Вникнув в этот тип, мы легко уясним себе уже a priori[1 - заведомо, наперед(лат.)], как должны были сложиться детство и молодость знаменитого германского канцлера. Несколько слов об его отце и матери окончательно разъяснят нам дело. Отец его, Фердинанд Бисмарк, юношею поступил на военную службу, так что двадцати одного года мог уже принять участие в походе герцога Брауншвейгского во Францию, но тотчас же по окончании этой войны вышел ротмистром в отставку и поселился в своем Шенгаузенском поместье. Это был служака в полном значении слова. Впоследствии он любил рассказывать своему сыну, что, когда находился на службе, аккуратно вставал в четыре часа утра, чтобы выдать солдатам овес. Строгое исполнение служебных обязанностей было отличительной его чертой, в этом духе он вел и воспитание своих детей; но сердце его лежало не столько к службе, сколько к тем развлечениям, которые доставляла ему жизнь в деревне. Охота, верховая езда, пирушки – вот чем наполнялась его жизнь, за исключением забот, посвященных управлению имением. Но, очевидно, перечисленные нами удовольствия и развлечения мешали правильному ведению хозяйства, потому что дела его пришли в расстройство. Этому отчасти способствовала и его женитьба. В Берлине он познакомился с дочерью видного чиновника, известного и некоторыми публицистическими работами, Менкена, и женился на ней. Мать будущего знаменитого канцлера слишком свыклась со светской и придворной жизнью Берлина и скучала в шенгаузенском деревенском захолустье. Она рвалась в Берлин, поэтому супруги проводили зимние месяцы обыкновенно в столице, где постоянно имели квартиру. Отцу жилось привольнее всего в деревне, мать дорожила городской жизнью, требовавшей значительных расходов, так как родители будущего канцлера вращались в придворных кругах и, следовательно, вынуждены были соответственно устроить и свою жизнь.
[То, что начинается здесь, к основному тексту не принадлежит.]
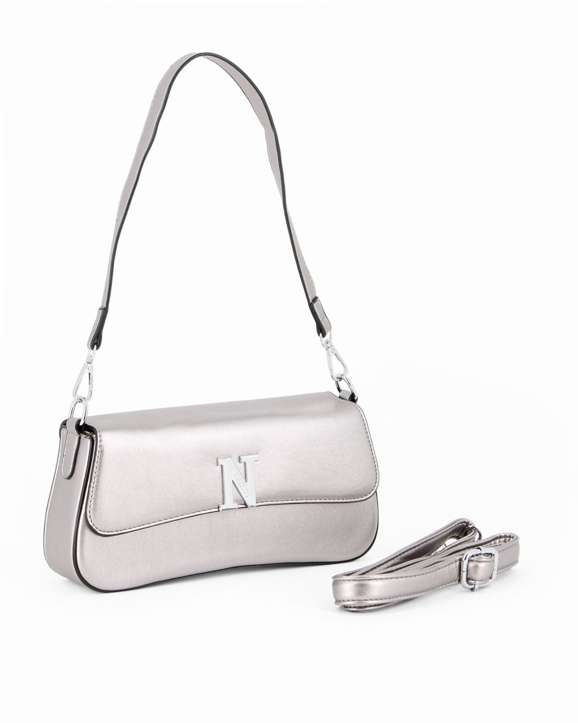 NARDINI - Borsa a spalla grigia con patta e tracolla removibile
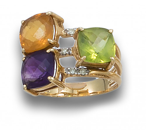 SORTIJA DE PERIDOTO, AMATISTA, TOPACIO Y DIAMANTES, EN ORO

Если отец Бисмарка мечтал о том, чтобы сделать из сына образцового помещика, то мать хотела его определить на государственную службу и сделать из него блестящего дипломата. Отец обучал его с раннего детства верховой езде, брал с собой на охоту, а мать заботилась о том, чтобы у него были хорошие манеры, чтобы он умел бегло говорить по-французски и по-английски. Под влиянием матери он шестилетним ребенком был определен в одно из берлинских учебных заведений, где воспитание детей велось со строгим соблюдением педагогических принципов Песталоцци.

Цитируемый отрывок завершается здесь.